Today, the Texas Public Policy Foundation honors Texas’ Fentanyl Poisoning Awareness Month by remembering the victims of this debilitating crisis and advocating for common sense policies to help prevent more deaths nationwide. Policy Director for Secure & Sovereign Frontier Selene Rodriguez released the following statement:

“Fentanyl is rapidly becoming more available to every man, woman, and child across the United States. Today, more than five Texans die every day from deadly fentanyl.

“While this deadly drug is sweeping across the nation, we cannot ignore the main source of how it is getting onto the streets and into our homes—via the southern border.

“Mexican cartels that once ran marijuana and opium have shifted with the market and are now importing fentanyl from China and pressing it into pills and other drugs. According to the U.S. Department of Defense, cartels are increasingly building huge, industrial-scale labs to churn out synthetic drugs. The Drug Enforcement Administration reports that cartels mass produce the pills in Mexico to make them appear as oxycodone, hydrocodone, Percocet, and Adderall and then they market them in the U.S. as pharmaceuticals. Drug trafficking organizations typically distribute fentanyl by the kilogram. One kilogram has the potential to kill 500,000 people.

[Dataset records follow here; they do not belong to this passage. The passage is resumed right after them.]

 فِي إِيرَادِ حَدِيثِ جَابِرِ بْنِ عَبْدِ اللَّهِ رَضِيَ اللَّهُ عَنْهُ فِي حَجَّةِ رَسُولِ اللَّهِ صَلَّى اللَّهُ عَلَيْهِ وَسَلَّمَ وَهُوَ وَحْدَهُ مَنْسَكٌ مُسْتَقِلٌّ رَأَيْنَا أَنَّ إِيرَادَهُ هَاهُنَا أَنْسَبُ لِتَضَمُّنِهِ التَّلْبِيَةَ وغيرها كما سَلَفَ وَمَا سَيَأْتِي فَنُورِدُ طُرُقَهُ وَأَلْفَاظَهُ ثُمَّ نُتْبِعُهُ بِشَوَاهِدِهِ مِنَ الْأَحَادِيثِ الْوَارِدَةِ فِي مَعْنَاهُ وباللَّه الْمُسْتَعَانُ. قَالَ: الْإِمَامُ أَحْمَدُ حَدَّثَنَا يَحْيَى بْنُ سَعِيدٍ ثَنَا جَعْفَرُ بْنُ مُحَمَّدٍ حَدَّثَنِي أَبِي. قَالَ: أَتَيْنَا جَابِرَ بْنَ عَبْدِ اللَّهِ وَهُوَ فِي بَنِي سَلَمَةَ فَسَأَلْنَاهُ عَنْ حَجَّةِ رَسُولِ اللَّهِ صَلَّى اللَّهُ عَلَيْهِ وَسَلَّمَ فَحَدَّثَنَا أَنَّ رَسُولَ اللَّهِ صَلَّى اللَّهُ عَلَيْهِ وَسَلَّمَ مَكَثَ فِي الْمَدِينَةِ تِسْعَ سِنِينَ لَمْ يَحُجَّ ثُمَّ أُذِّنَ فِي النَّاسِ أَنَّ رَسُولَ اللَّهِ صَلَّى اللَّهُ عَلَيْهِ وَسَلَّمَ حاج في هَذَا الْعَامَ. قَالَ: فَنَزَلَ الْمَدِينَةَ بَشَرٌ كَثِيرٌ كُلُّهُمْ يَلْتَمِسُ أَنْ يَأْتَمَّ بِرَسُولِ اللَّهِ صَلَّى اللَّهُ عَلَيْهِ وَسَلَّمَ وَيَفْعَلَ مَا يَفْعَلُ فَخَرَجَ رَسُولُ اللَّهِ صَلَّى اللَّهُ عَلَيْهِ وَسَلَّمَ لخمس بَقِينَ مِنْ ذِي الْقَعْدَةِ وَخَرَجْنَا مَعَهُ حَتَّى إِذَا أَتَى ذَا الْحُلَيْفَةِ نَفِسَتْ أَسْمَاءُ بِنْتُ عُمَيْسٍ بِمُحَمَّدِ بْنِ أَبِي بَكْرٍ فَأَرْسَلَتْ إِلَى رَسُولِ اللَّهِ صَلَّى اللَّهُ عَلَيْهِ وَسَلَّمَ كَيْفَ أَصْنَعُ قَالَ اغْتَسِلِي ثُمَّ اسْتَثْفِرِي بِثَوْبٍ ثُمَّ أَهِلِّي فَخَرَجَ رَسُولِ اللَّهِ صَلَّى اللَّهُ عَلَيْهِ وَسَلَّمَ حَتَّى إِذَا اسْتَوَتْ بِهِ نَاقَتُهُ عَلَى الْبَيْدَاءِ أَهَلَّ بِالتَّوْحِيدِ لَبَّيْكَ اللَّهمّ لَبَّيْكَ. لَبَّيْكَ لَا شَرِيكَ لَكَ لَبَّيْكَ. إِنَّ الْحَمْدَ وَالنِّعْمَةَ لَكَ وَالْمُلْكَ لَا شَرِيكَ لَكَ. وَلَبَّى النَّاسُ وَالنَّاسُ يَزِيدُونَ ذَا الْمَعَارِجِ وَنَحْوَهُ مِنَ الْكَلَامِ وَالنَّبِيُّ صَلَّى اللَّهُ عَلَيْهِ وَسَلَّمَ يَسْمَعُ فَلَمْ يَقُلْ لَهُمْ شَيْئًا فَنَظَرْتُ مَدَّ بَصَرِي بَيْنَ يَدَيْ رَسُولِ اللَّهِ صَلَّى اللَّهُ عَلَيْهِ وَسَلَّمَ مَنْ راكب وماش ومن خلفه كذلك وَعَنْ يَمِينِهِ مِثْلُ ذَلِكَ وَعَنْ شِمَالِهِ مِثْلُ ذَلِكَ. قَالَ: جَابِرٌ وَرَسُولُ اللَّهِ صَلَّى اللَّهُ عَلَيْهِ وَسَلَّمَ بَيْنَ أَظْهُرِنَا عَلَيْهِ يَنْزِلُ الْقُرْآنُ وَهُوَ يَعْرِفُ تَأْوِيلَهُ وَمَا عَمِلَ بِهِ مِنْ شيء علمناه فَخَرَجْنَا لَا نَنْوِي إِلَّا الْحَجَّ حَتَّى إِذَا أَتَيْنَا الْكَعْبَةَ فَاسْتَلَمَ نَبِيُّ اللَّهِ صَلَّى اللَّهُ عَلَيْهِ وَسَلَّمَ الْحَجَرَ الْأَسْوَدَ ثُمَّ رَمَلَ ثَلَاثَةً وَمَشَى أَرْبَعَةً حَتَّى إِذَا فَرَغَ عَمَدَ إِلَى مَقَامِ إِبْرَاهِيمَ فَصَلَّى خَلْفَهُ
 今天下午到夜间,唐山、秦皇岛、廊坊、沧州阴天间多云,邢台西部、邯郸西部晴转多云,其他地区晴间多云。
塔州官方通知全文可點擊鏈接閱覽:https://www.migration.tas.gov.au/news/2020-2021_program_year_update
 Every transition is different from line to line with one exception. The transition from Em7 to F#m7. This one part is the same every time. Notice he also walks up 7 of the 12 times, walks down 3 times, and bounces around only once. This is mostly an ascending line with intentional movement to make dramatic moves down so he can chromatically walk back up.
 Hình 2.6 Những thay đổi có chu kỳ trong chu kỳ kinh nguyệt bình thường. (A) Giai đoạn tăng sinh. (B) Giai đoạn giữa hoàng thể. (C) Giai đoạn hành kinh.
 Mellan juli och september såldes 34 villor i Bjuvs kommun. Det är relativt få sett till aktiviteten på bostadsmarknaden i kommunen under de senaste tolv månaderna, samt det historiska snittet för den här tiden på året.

“Since the beginning of Texas’ Operation Lone Star over 429 million lethal doses of fentanyl have been seized. That does not account for fentanyl seized by Customs and Border Protection at ports of entry (POE), nor for Border Patrol field seizers in-between ports of entry.

“We applaud Gov. Abbott for his work in attempting to protect Texas from drug smuggling, and we are thankful to the Texas Legislature for setting aside October as a month to remember the lives the fentanyl crisis has taken.

“As we honor the lives of the victims lost to fentanyl poisoning, we must also hold our elected officials accountable to secure the border and aggressively counter human smuggling and drug trafficking. Without measures in place to secure the border, large numbers of gotaways will continue to spill into our country, and with them more drugs, more criminals, and more American deaths.”